À l’abri, dès le xie s., d’une première enceinte percée au moins de deux portes — la porte Baudoyer et l’archet Saint-Merri (rue Saint-Martin) — se développent les activités économiques de la ville. La nécessité primordiale de nourrir une population relativement importante, celle d’alimenter chantiers civils et religieux en bois et en pierre à bâtir expliquent d’abord l’essor du commerce urbain, également actif par terre et par eau. En témoignent le rôle croissant du port de Grève, autour duquel se développe la ville entre les églises Saint-Gervais et Saint-Germain-l’Auxerrois, et le produit élevé des péages, perçus notamment aux entrées des ponts et dont l’un des plus fructueux semble être, à l’ouest de la capitale, celui de Conflans. Les principaux agents et bénéficiaires de cet essor sont naturellement les « marchands de l’eau », qui s’arrogent à la fin du xie s. le monopole du commerce fluvial et en premier lieu des exportations de vin, de façon à limiter d’abord les ambitions économiques de leurs homologues de Rouen, puis celles de tous les autres marchands forains. Seuls quelques rares trafics sont dispensés de se soumettre aux règles des marchands, de l’eau : passage des nefs remontant de Seine en Oise ; trafic du vin destiné à la consommation familiale du producteur ; trafic du vin commercialisé en Normandie par les habitants de Cormeilles-en-Parisis en vertu d’un privilège de 1264. Mais, dans tous les autres cas, les marchands de l’eau n’hésitent pas à déférer au tribunal commercial du Parloir aux bourgeois (nom donné à leur hôtel en 1289) ceux des forains qui refusent d’accepter les contraintes et de participer aux institutions de ce système, Hanse parisienne et Compagnie française, auxquelles des villes comme Pontoise et Compiègne sont contraintes de se soumettre.

Cet essor du grand commerce parisien entraîne par contrecoup la multiplication des foires et des marchés. Les foires, qui se tiennent au Lendit sur la route de Saint-Denis dans la première quinzaine de juin, au moins dès 1122, ou à l’intérieur de la capitale (foires Saint-Ladre et Saint-Germain), ne peuvent se hisser à un niveau international en raison de la proximité immédiate des foires de Champagne. Par contre, spécialisés dans les activités de redistribution, les marchés se multiplient. Ouvert un ou deux jours par semaine, fréquenté obligatoirement par les commerçants de la capitale, sous le contrôle de l’échevinage, le plus important d’entre eux, les Halles de Paris, prend une telle extension qu’il doit être transféré vers 1137, sur ordre de Louis VI, hors les murs au lieu dit « les Champeaux », où il subsistera jusqu’en 1969.

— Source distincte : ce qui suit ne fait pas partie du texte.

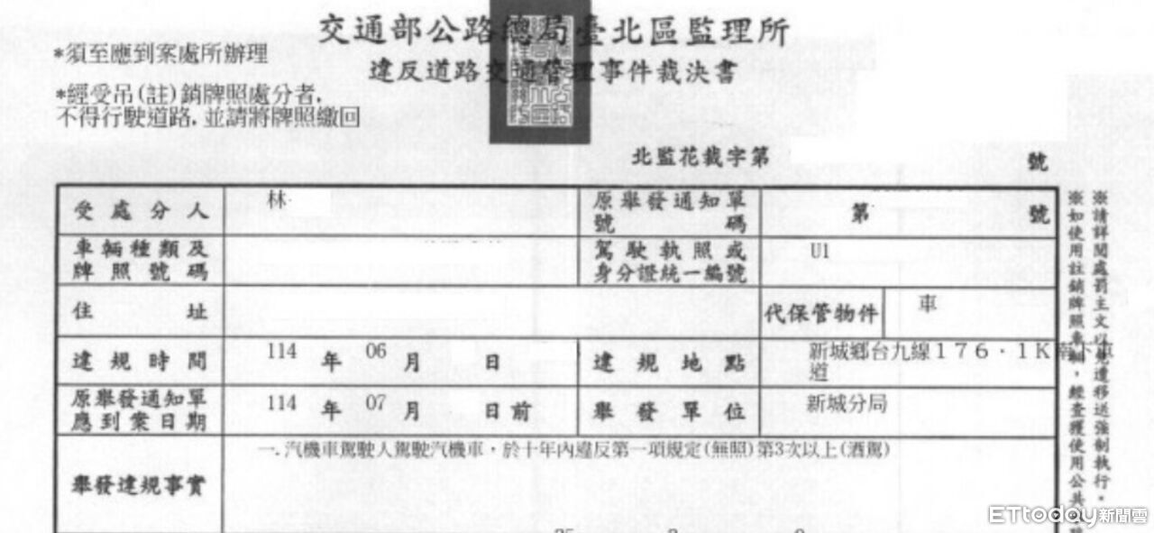 花蓮分署表示,這名林姓男子,於114年6月間不僅無照,甚至酒後騎乘機車,在新城鄉省道台九線路段遭新城分局員警查獲,因林男屬酒駕累犯,花蓮監理站依道路交通管理處罰條例第35條第3項規定重罰45萬元,3年內不得考領駕照,並應參加道路交通安全講習,公布姓名、照片及違法事實。
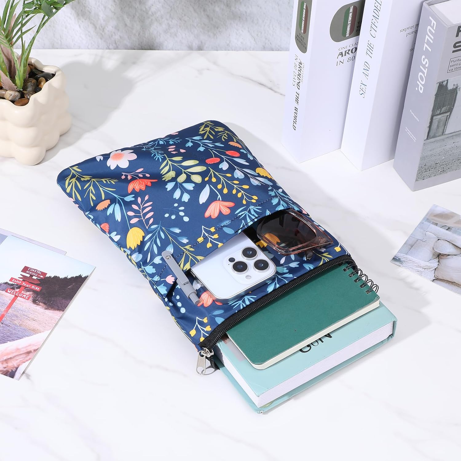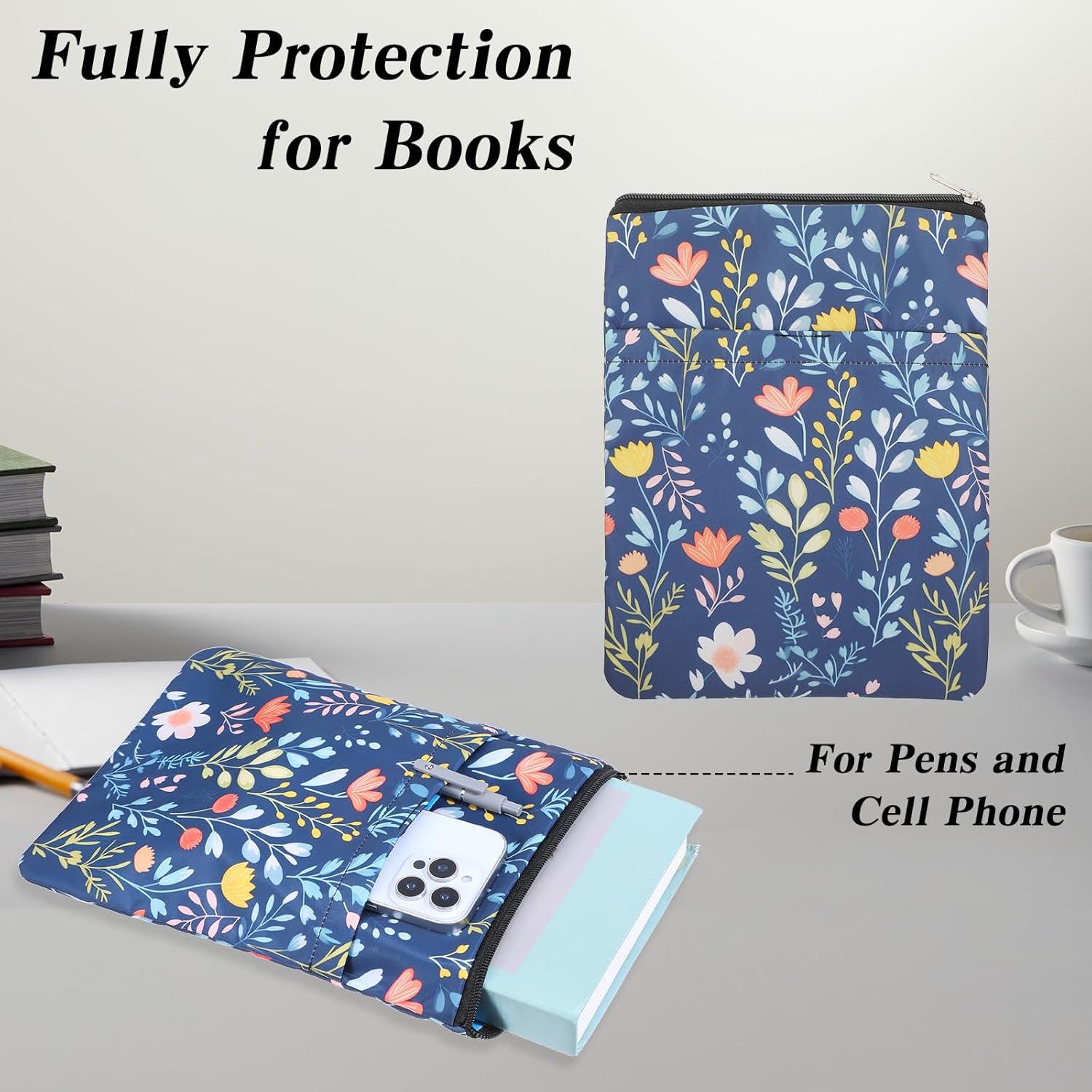 Protezione e stile: la nostra custodia per libri protegge i tuoi libri da polvere, graffi e usura, mentre l'elegante design floreale e piante conferisce a ogni libro un aspetto elegante. Perfetto per gli amanti dei libri che apprezzano l'estetica e la funzionalità Materiale di alta qualità: realizzata in robusto poliestere, la borsa per libri è durevole, impermeabile e facile da pulire. Il materiale è privo di sostanze chimiche nocive e inodore, quindi è sicuro per i tuoi libri e la tua salute Design pratico: con custodia impermeabile per libri di 28 x 22 cm, la custodia si adatta perfettamente alla maggior parte dei libri tascabili, copertina rigida e libri pubblicati. La funzione cerniera integrata offre una protezione aggiuntiva e impedisce ai libri di scivolare accidentalmente Spazio aggiuntivo: la copertina a libro dispone di una grande tasca frontale, ideale per quaderni, penne, telefoni cellulari o anche libri più piccoli. Questo li rende un pratico compagno di viaggio, sia a scuola, in ufficio o in viaggio Regalo ideale: con il suo design affascinante e la lavorazione di alta qualità, questa custodia a libro è il regalo perfetto per gli amanti dei libri, bibliofili o insegnanti. Combina benefici e bellezza e aggiunge entusiasmo a chiunque ami i libri

En fait, un tel transfert est le fruit de la croissance urbaine. La présence du roi dans l’île de la Cité et l’essor du grand commerce entraînent en effet la multiplication et la diversification des métiers, notamment ceux de luxe, dont les échoppes se pressent le long des rues étroites de la ville et créent un appel de main-d’œuvre qui entraîne à son profit la création de nombreux courants d’immigration en provenance d’abord de la périphérie urbaine (Saint-Denis, Lagny), puis de l’Île-de-France (Senlis, Chartres, Orléans, etc.), enfin de pays plus lointains (Normandie, Bretagne et même Angleterre).

D’une superficie trop étroite (environ 40 ha) pour absorber ce surcroît de population, la ville bourgeonne au xiie s. hors de ses remparts. Pour tenir compte de cet accroissement urbain, Philippe II Auguste ordonne, à la veille de son départ pour la troisième croisade, la construction, sur la rive droite, d’une seconde enceinte, appuyée à l’ouest sur le château du Louvre*, puissante forteresse qu’il a fait construire de 1190 à 1202 face à la Normandie. Mais, en ordonnant de prolonger cette enceinte sur la rive gauche, entre 1210 et 1213, il porte la superficie de Paris à 273 ha et consacre la constitution d’un nouveau quartier : celui de l’Université.